- [Prompt]: Would you reproduce the data below exactly, please, leaving out its images?

- [Source data]:
^^^^^^^^

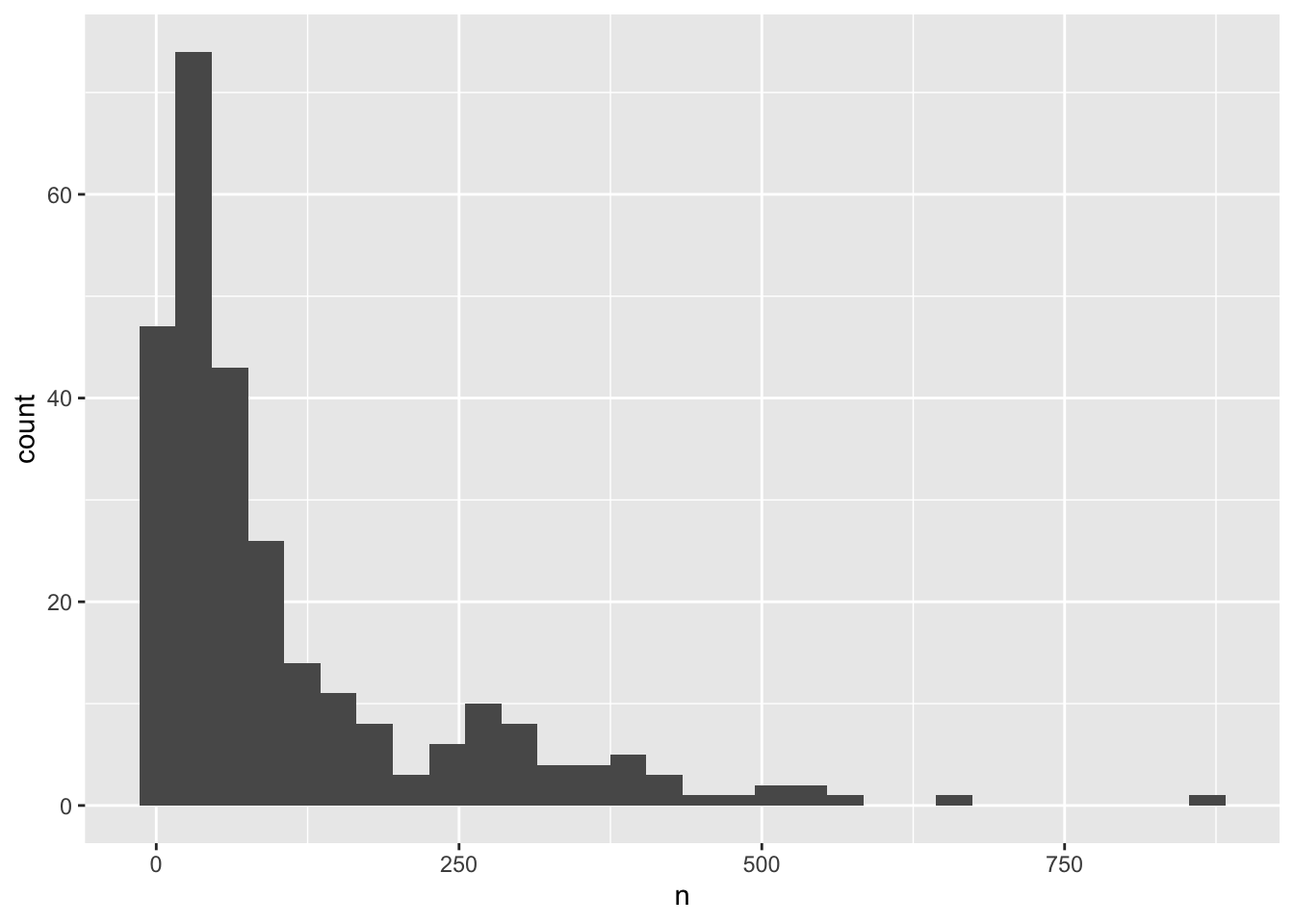 arrange(desc(n)) # Adding arrange just to compare with histogram# A tibble: 275 × 3
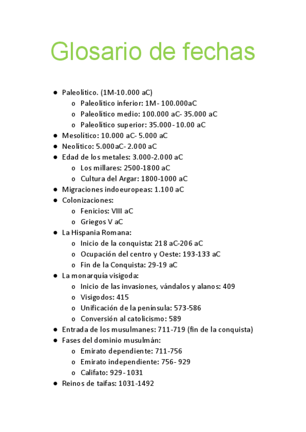 He subido unos glosarios de fechas clave de Historia de España. Son muy útiles para recordar cómo se organizaban los temas.
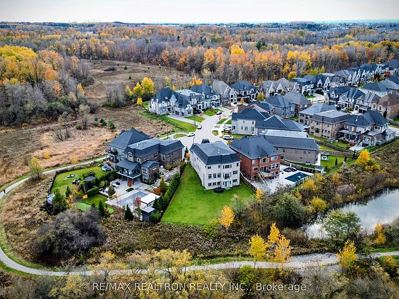 Welcome to 56 Ria Court - The Ultimate Ravine Retreat in the Prestigious Castles of King!Tucked away on a quiet, exclusive court, this spectacular estate sits on one of the largest ravine lots in the community - over 12,400 sq. ft. of resort-style privacy with a massive backyard that widens to 120 ft across the rear. A true showpiece offering 6,900+ sq. ft. of refined living space (including a full walk-out lower level), this residence combines timeless elegance with modern luxury.Step inside to soaring 10', 11' & 14' ceilings, a grand open layout, and exquisite craftsmanship throughout. The main level features a designer chef's kitchen with walk-in pantry, servery, and ravine views; an oversized dining area perfect for entertaining; and a stunning family room with gas fireplace and custom detailing. The elegant living room with 14' ceilings creates an unforgettable first impression.Upstairs, you'll find four private ensuite bedrooms, each thoughtfully designed, plus a serene primary suite with dual walk-in closets, his & hers spa-inspired baths, tray ceiling, and fireplace.The walk-out lower level feels like its own private retreat, complete with a full kitchen, guest bedroom, 3-piece bath, and direct access to the future pool-sized backyard oasis.Additional highlights include a main floor office with coffered ceiling, custom mudroom, second-floor laundry, and a 3-car tandem garage. No sidewalk, premium curb appeal, and an unbeatable location just minutes to top schools, boutique shopping, highways, and all modern amenities.A rare opportunity to own one of King City's most coveted court-lot estates - where everyday living feels like a private resort.
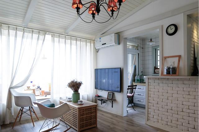 由于戶型比較小,業主只在客廳的位置安裝了空調,這樣讓整空間看起來更加寬敞。簡約的靠背椅和白色的窗紗相互搭配,給人一種朦朦朧朧的美。

^^^^^^^^

- [Expected answer]:
 arrange(desc(n)) # Adding arrange just to compare with histogram# A tibble: 275 × 3
 He subido unos glosarios de fechas clave de Historia de España. Son muy útiles para recordar cómo se organizaban los temas.
 Welcome to 56 Ria Court - The Ultimate Ravine Retreat in the Prestigious Castles of King!Tucked away on a quiet, exclusive court, this spectacular estate sits on one of the largest ravine lots in the community - over 12,400 sq. ft. of resort-style privacy with a massive backyard that widens to 120 ft across the rear. A true showpiece offering 6,900+ sq. ft. of refined living space (including a full walk-out lower level), this residence combines timeless elegance with modern luxury.Step inside to soaring 10', 11' & 14' ceilings, a grand open layout, and exquisite craftsmanship throughout. The main level features a designer chef's kitchen with walk-in pantry, servery, and ravine views; an oversized dining area perfect for entertaining; and a stunning family room with gas fireplace and custom detailing. The elegant living room with 14' ceilings creates an unforgettable first impression.Upstairs, you'll find four private ensuite bedrooms, each thoughtfully designed, plus a serene primary suite with dual walk-in closets, his & hers spa-inspired baths, tray ceiling, and fireplace.The walk-out lower level feels like its own private retreat, complete with a full kitchen, guest bedroom, 3-piece bath, and direct access to the future pool-sized backyard oasis.Additional highlights include a main floor office with coffered ceiling, custom mudroom, second-floor laundry, and a 3-car tandem garage. No sidewalk, premium curb appeal, and an unbeatable location just minutes to top schools, boutique shopping, highways, and all modern amenities.A rare opportunity to own one of King City's most coveted court-lot estates - where everyday living feels like a private resort.
 由于戶型比較小,業主只在客廳的位置安裝了空調,這樣讓整空間看起來更加寬敞。簡約的靠背椅和白色的窗紗相互搭配,給人一種朦朦朧朧的美。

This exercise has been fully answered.